**Your instructions**
Copy the listing exactly, leaving out every picture.

**Data below**

Segment Open

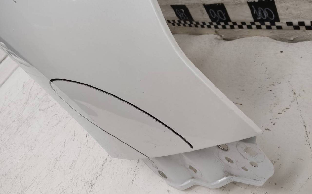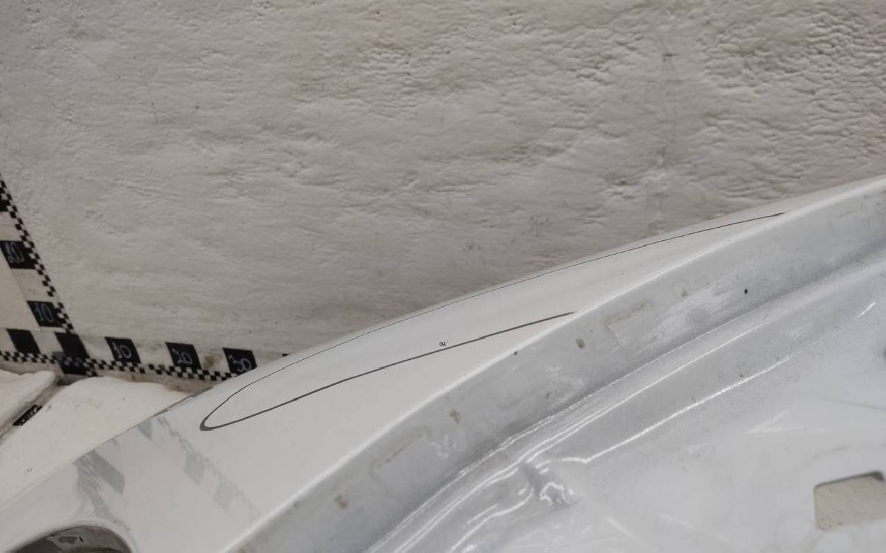 Состояние детали хорошее. Белого цвета, скол ЛКП. Небольшая вмятина в передней части. Потребуется незначительный ремонт
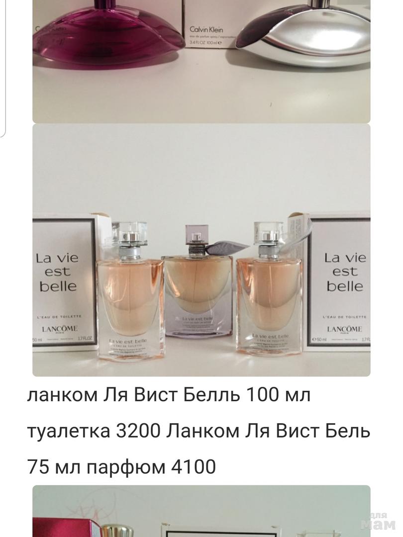 ланком Ля Вист Белль 100 мл туалетка 3200 Ланком Ля Вист Бель 75 мл парфюм 4100
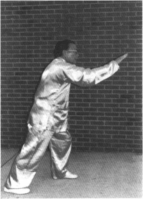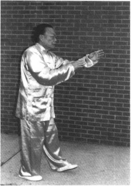 左胯旁。右手顺势由右耳旁向 胸前伸按。目视右掌中指节。

Segment Closed

**Answer to this exercise**
 Состояние детали хорошее. Белого цвета, скол ЛКП. Небольшая вмятина в передней части. Потребуется незначительный ремонт
 ланком Ля Вист Белль 100 мл туалетка 3200 Ланком Ля Вист Бель 75 мл парфюм 4100
 左胯旁。右手顺势由右耳旁向 胸前伸按。目视右掌中指节。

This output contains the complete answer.